It is only in the last few years, as our lives have largely moved to the online world, that people have started to take an interest in securing their passwords. Experts have been trying to convince everyone that they should try harder for over a decade now, and a series of data leaks has convinced us that they are right.
Unfortunately, most people generally think that a string of 6-8 alphanumeric characters is a strong enough password, but the reality is that creating a strong password
is much more complicated than that. The various website requirements to create a secure password then give us a rather false sense that our accounts are fully secured.
Although many people think that when it comes to passwords, it’s mainly the complexity and unpredictability that matters. But much more so does the length of the password itself matter.
One of the most common ways of hacking passwords is a technique called a brute force attack. The best way to describe this type of attack is to think of a classic locking padlock that unlocks if we set 3 numbers correctly. As long as we know something about the lock’s owner, we can start trying likely combinations (usually this would be called a dictionary attack), or combinations that we conclude are the most common (111, 123, 666, etc.). If we can’t unlock the lock, we start trying every possible combination, such as 001, 002, 003, etc.
A brute force attack works exactly like this, only automated software and computing power takes care of the password testing. If we have to try all combinations of passwords, length matters…a lot. Each additional character in a password significantly multiplies the time it takes for this brute force attack to succeed.
If we take a keyboard of 94 characters (which includes letters, numbers and basic special characters), we can create 6 quadrillions passwords when using 8 digits. A quadrillion is a 1 followed by 15 zeros, that is, a million billions.
This may seem like an extremely high number, but computational power improves relentlessly. Even obsolete computers can try tens of thousands of combinations per second. More modern computers will be in the order of millions, and interconnected networks will do billions of combinations per second. It would take hours or maybe a couple of days to crack such 8-digit password.
This is where the length of the password comes in. We have calculated a 94-character keyboard. Each additional character in the password extends the time for a successful brute force attack 94 times. Hours to days are suddenly weeks to months, even if we add a single character.
So how long should our password be?
We need to account for the fact that computational power is constantly improving exponentially. A password that would have been uncrackable ten years ago is now quite weak.
The recommendation is to use a password of at least 12 characters, and the more the better. If the password is random and cannot be guessed by, for example, a dictionary attack or by trying the most popular passwords, then a brute force attack would take even supercomputers hundreds of years to crack that password. However, 12 characters is rather a minimum; it is better to choose a password of 16 characters in the future.
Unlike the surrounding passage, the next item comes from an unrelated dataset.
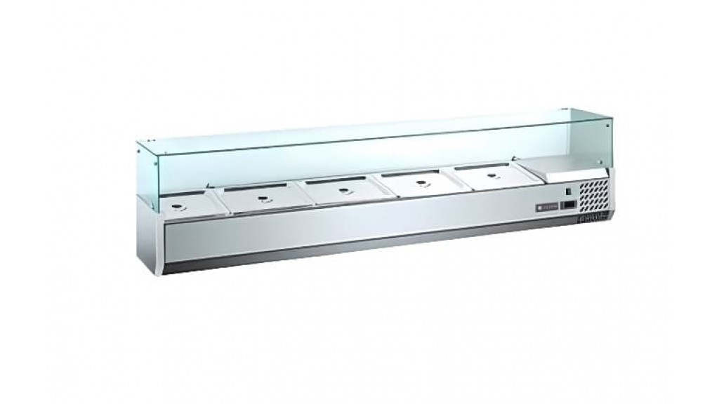Настольная; температурный режим: +2...+8 C°; вместимость: 8 х GN 1/4; боковое расположение агрегата; 220 В; 0,11 кВт; 1800 × 335 × 435 мм; 35 кг.
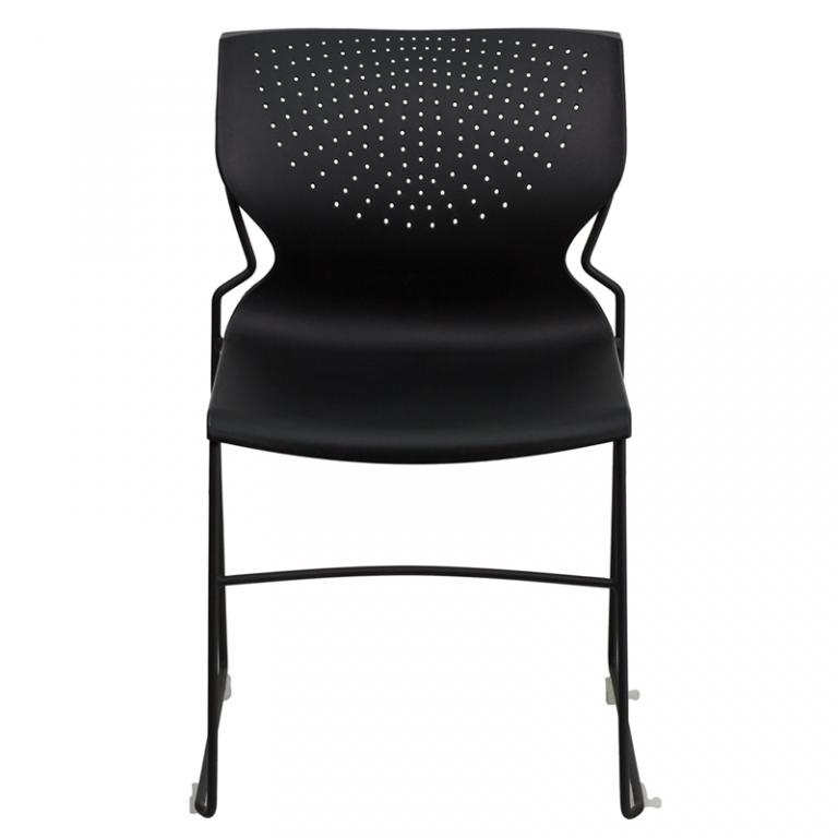 Description The Hercules black stack chair with black frame is great for educational, healthcare, and office environments. The curved back provides lumbar support without sacrificing breathability. Quantity discounts are available.

Don’t use the same password for everything
Now we come to the biggest problem of all. It doesn’t matter how complex or long your password is if you use it for many different services. Breaking the security of one service (not necessarily your password) that stores your password in text form means breaking all the other services where you use that password.
Using different passwords can be done beautifully with password managers that create passwords randomly, plus the passwords are different everywhere. You then keep one password that unlocks the passwords of others. So you only have to remember one single password, which should legitimately be really extra strong, and everything should be insured by two-factor authentication.
Securing online accounts is essential, but if you have a weak password somewhere, don’t panic. Websites don’t allow unlimited logins and are often well protected from brute force attacks. Of course, change weak passwords and/or start using a password manager.
Likewise, your passwords should be stored in encrypted form so that attackers can’t get them even in a data leak. Although brute force attacks won’t so typically crack your passwords, it’s still a good idea to choose strong passwords. However, you don’t need to immediately address the fact that your password has only 11 characters instead of the recommended 12.